Common - Book of Life
Although Chicago is often praised for its Blues, jazz, and house music, the city has failed to be successful when it comes to hip hop. One of the few Chicago MCs who has enjoyed any type of national attention is Common Sense, whose complex style of rapping and jazz-flavored tracks inspire comparisons to De La Soul, Digable Planets, A Tribe Called Quest, and The Pharcyde. On his sophomore effort, Resurrection, the South Sider doesn't hesitate to let you know that he has considerable technique, and in fact, he sometimes displays too much of it for his own good. Nonetheless, his intelligence, wit, and originality make this CD impressive. The introspective "Book of Life," a commentary on trying to keep it together in a society that has lost all traces of sanity, is on the playlist this week.

The Isley Brothers - Living for the Love of You
First formed in the early '50s, the Isley Brothers enjoyed one of the longest, most influential, and most diverse careers in the pantheon of popular music -- over the course of nearly a half century of performing, the group's distinguished history spanned not only two generations of Isley siblings but also massive cultural shifts which heralded their music's transformation from gritty R&B to Motown soul to blistering funk. The first generation of Isley siblings was born and raised in Cincinnati, OH, where they were encouraged to begin a singing career by their father, himself a professional vocalist, and their mother, a church pianist who provided musical accompaniment at their early performances.

Masta Ace - The INC Ride
Although it suffers from the same lack of imagination and uneven songwriting that plagued SlaughtaHouse, Masta Ace's second album, Sittin' on Chrome, is a stronger effort than his debut. The best tracks show that Masta Ace Incorporated can turn out by-the-books gangsta rap with flair, but it's a little distressing that the best song, "Born to Roll," was initially featured as a bonus track on SlaughtaHouse. INC Ride is a good song too...

Jay Z - H.O.V.A
When Jay-Z dropped "The City Is Mine" in 1997 and claimed New York's hip-hop throne upon The Notorious B.I.G.'s demise, many smirked and some even snickered.

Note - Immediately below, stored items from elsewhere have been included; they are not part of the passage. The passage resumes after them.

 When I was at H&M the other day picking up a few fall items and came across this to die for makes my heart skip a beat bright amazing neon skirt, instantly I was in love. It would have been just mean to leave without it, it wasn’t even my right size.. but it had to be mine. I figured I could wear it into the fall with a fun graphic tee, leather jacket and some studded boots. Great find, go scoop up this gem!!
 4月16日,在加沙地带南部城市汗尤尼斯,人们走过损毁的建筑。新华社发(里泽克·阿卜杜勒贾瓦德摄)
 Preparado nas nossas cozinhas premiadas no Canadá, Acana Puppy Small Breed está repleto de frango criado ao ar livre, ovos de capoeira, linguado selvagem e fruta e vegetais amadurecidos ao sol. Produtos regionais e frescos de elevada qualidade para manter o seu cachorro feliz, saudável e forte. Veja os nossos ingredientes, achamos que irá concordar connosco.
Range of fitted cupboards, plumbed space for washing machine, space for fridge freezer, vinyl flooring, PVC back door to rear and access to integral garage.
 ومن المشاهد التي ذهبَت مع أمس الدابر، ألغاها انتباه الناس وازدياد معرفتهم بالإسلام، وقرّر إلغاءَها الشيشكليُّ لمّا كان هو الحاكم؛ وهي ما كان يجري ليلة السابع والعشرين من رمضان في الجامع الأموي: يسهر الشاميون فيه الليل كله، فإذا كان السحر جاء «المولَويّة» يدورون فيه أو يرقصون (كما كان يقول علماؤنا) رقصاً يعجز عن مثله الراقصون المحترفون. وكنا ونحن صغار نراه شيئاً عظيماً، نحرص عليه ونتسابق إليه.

Four years later in 2001, when he released The Blueprint, no one was smirking and no one dared snicker. At this point in time, nobody in New York could match Jay-Z rhyme for rhyme and nobody in New York had fresher beats -- and many would argue that Jigga's reign was not just confined to New York but was, in fact, national. Yes, Jay-Z had risen to the top of the ap game in the late '90s and solidified his position with gigantic hits like "Big Pimpin" and "I Just Wanna Love You (Give It 2 Me)." Furthermore, The Blueprint's leadoff single, "Izzo (H.O.V.A.)," dominated urban radio numerous weeks before the album hit the streets, generating so much demand that Def Jam had to push up the album's street date because it was being so heavily bootlegged.

Jackson 5 - I Want You Back
This Gary, IN, family ensemble exploded onto the national scene with immediate and long-lasting impact in 1970. This album's combination of youthful exuberance and innocence, coupled with Motown production magic, yielded quick results, as "I Want You Back" topped both R&B and pop charts. Michael Jackson, the nine-year-old lead singer, became a national darling. Then we know what happens next.

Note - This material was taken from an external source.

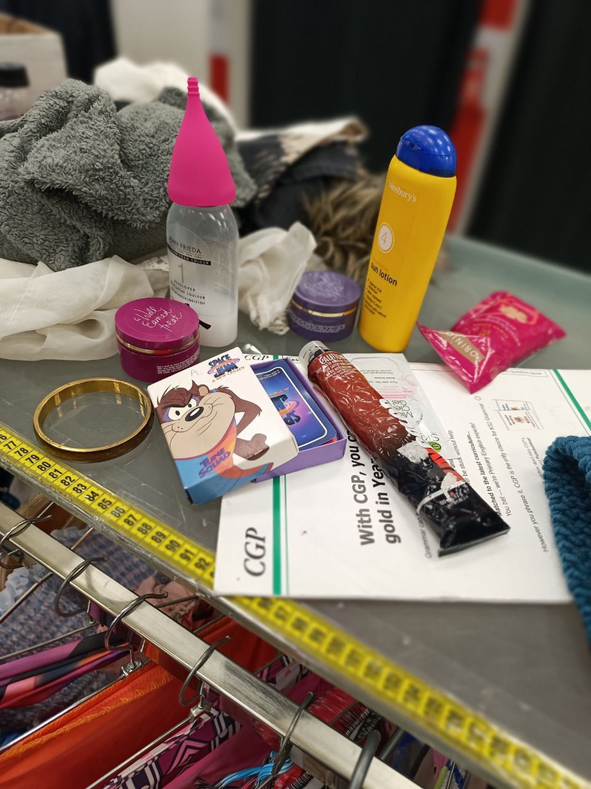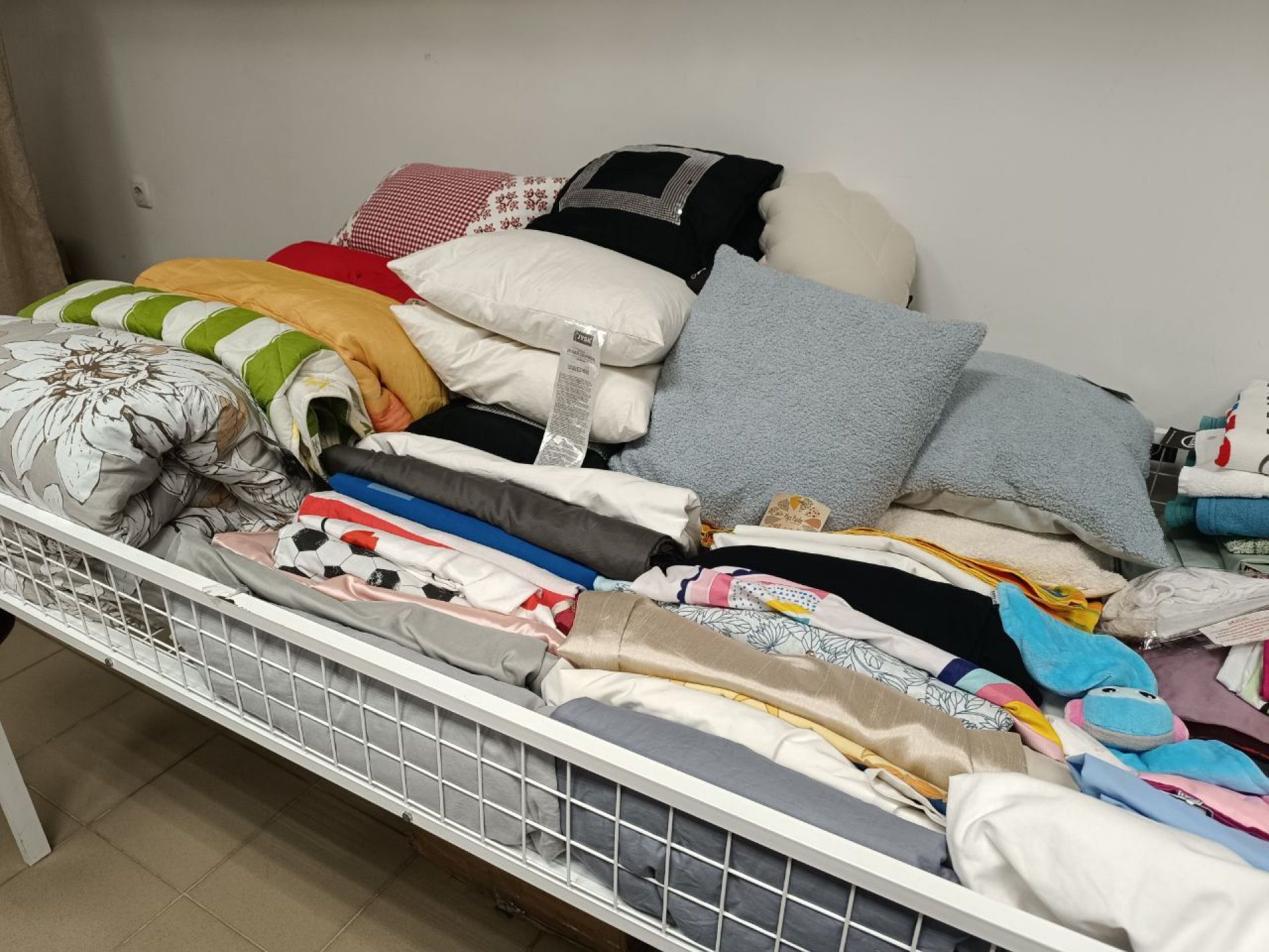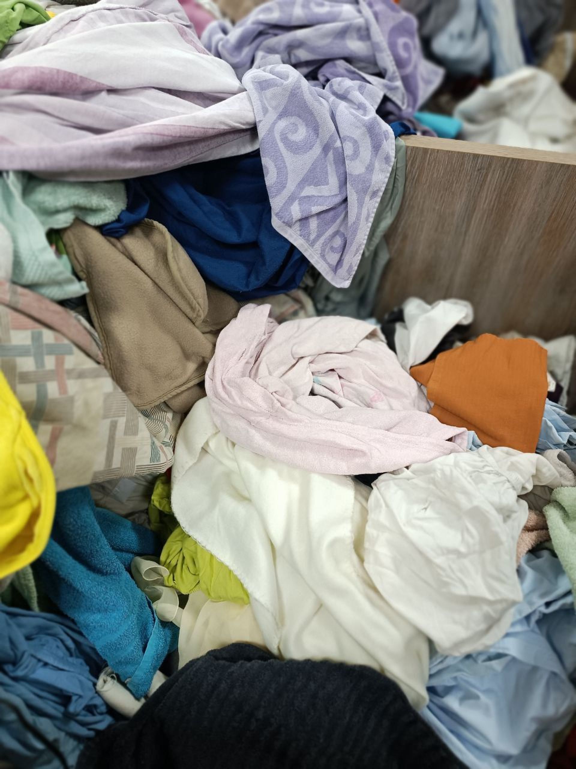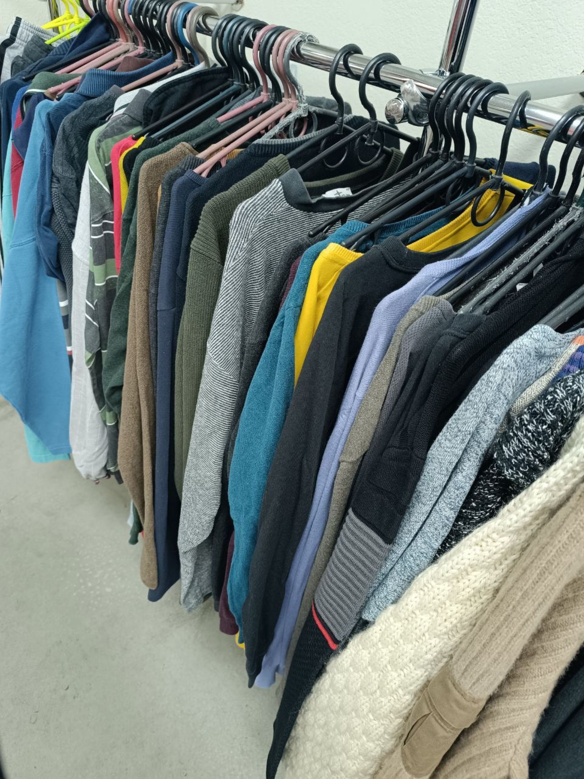 У секонд-хенді є дві категорії речей – звичайні та люкс (на жовтих вішалках). Серед асортименту – одяг, взуття, сумки та рюкзаки, м’які іграшки, постільна білизна, ковдри тощо. У примірочних є шторки з цупкого матеріалу, який не просвічується.

Leon Haywood - I Wanna Do Something Freaky WIth You
Soul/funk journeyman Leon Haywood periodically dented the charts in the 1970s with hits that tapped into the grooves and musical hooks of the day's trends. An accomplished songwriter and arranger, Haywood never pretended to be an innovator, and his hits are cheerful derivations of '70s midtempo funk and romantic ballads, usually embellished by smooth string charts. His best material recalled the late-'60s/early-'70s Motown sound; on the slower material in particular, his vocals bore a resemblance to those of Marvin Gaye.
He didn't come into his own as a solo artist until the mid-'70s, when he had big R&B hits with "Strokin'," "Come and Get Yourself Some," and "Keep It in the Family." His biggest single, "I Want'A Do Something Freaky to You" (with orgasmic female gasps and moans that made it pretty clear what "freaky" really meant), crossed over to the Top Twenty pop listings.

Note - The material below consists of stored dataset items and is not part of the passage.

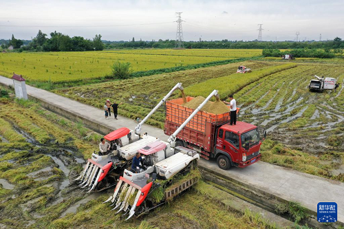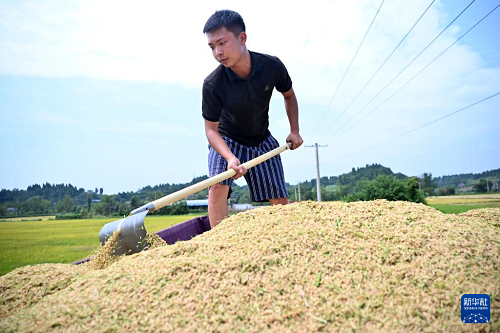 9月1日,在四川省內(nèi)江市東興區(qū)田家鎮(zhèn)趙家壩社區(qū),農(nóng)機(jī)手在水稻搶收現(xiàn)場(chǎng)裝車。(新華社發(fā) 李建明 攝)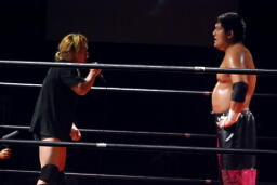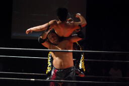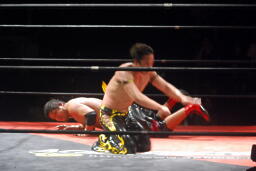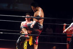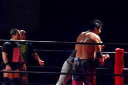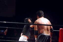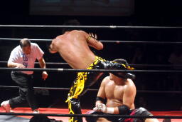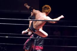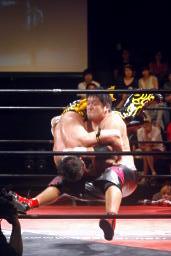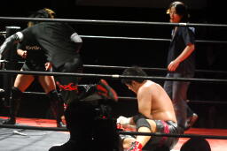 妻木がKUDOをパワーボムでマットに叩きつける(左写真)。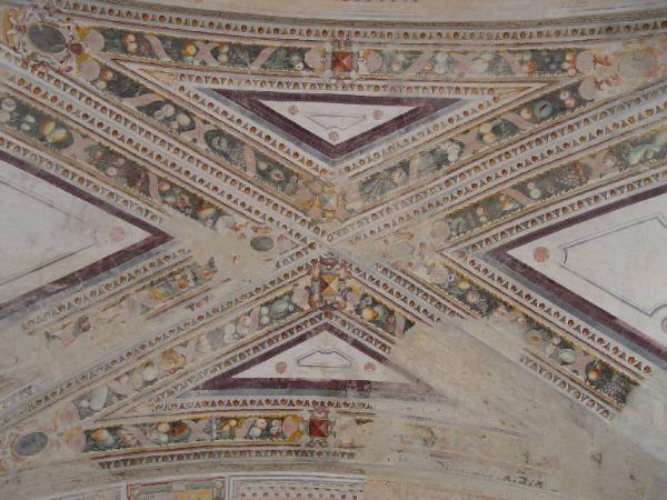 Il soffitto della navata centrale si presenta diviso in campate strette e allungate, coperte ognuna da una volta a crociera affrescata con motivi decorativi vegetali. Ogni vela della crociera è caratterizzata da un profilo esterno decorato con un motivo ad ovoli dorati, che racchiude al suo interno un ricco festone di foglie e frutti, avvolto da nastri colorati che termina, in corrispondenza degli angoli, con delle ricche cornici contenenti specchi-gioiello. Gli archi che separano le singole campate sono anch'essi decorati ad affresco con motivi geometrici, intervallati da riquadri figurati oggi di impossibile interpretazione a causa dello stato di conservazione della pellicola pittorica.\nNella parte di chiesa aperta ai fedeli tale decorazione è stata in parte modificata, se non nell'impostazione generale, almeno nei dettagli. Rimane infatti presente il motivo a festone vegetale, circondato però da cornici architettoniche lisce che agli angoli termina con volti dorati di putti. Inoltre il triangolo centrale di ogni vela, caratterizzato nella chiesa claustrale da una semplice riquadratura con tre rosette dorate alle estremità, viene qui sostituito da un motivo decorativo ad ondine dorate.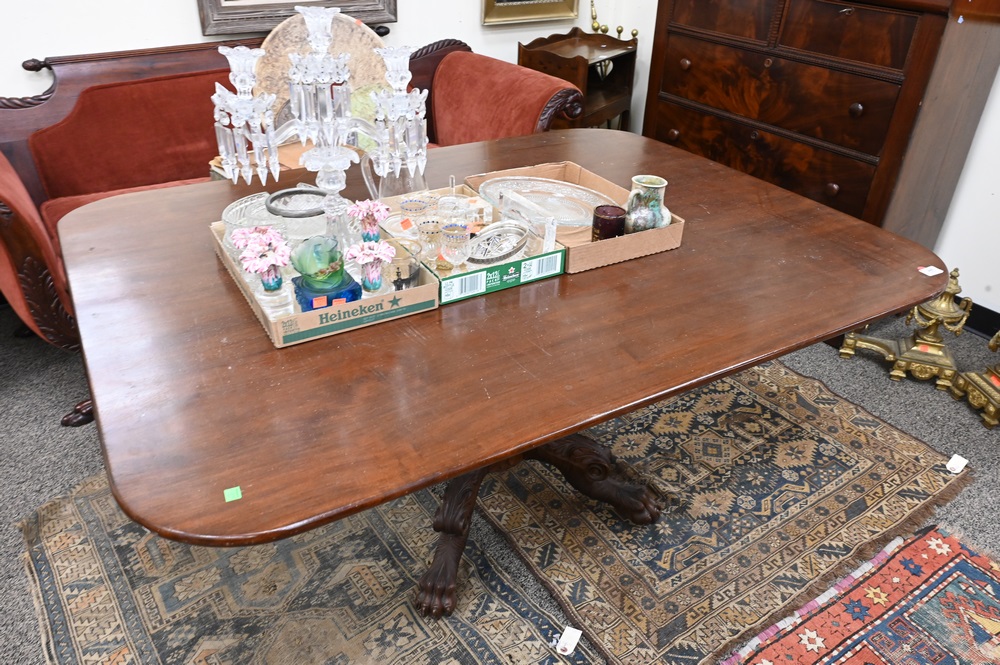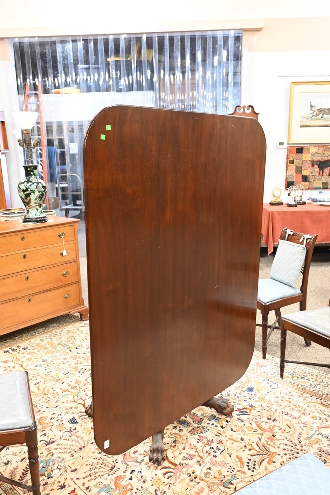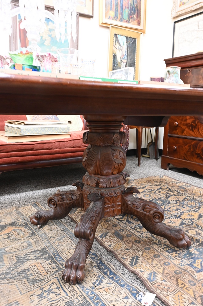 Lot 445: Federal Mahogany Breakfast Top Table, having rectangular top on intricately carved base, set on carved paw feet, single board top, circa 1840, probably New York, height 29 inches, top 29 inches, top 48 x 60 inches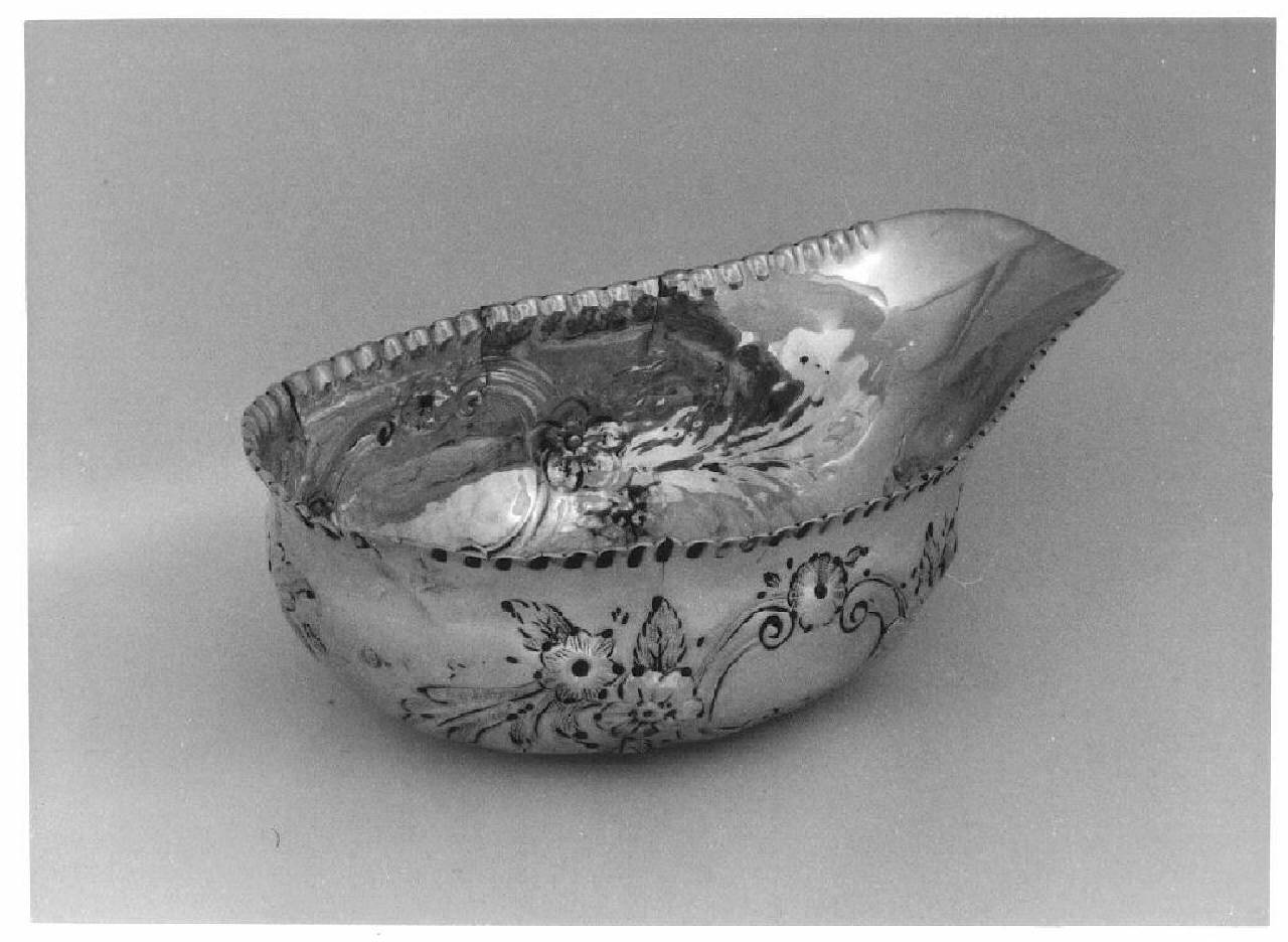 Corpo leggermente allungato, decorato a fiori e rocailles, profilo superiore a ovuli

Dr Dre ft/ Snoop Dogg - Nuttin But A G Thang
With its stylish, sonically detailed production, Dr. Dre's 1992 solo debut The Chronic transformed the entire sound of West Coast rap. Here Dr. Dre established his patented G-funk sound: fat, blunted Parliament-Funkadelic beats, soulful backing vocals, and live instruments in the rolling bass lines and whiny synths. What's impressive is that Dr. Dre crafts tighter singles than his inspiration George Clinton -- he's just as effortlessly funky, and he has a better feel for a hook, a knack that improbably landed gangsta rap on the pop charts. But none of The Chronic's legions of imitators were as rich in personality, and that's due in large part to Dr. Dre's monumental discovery, Snoop Doggy Dogg.

The Staples Singers - I'll Take You There
Released in 1979, Chronicle remains a near-definitive overview of the The Staple Singers time at Stax Records, containing 12 tracks including such classic soul singles as "Heavy Makes You Happy (Sha-Na-Boom-Boom)," "You've Got to Earn It," "Touch a Hand (Make a Friend)," "If You're Ready (Come Go with Me)," "Be What You Are," "Respect Yourself" and "I'll Take You There."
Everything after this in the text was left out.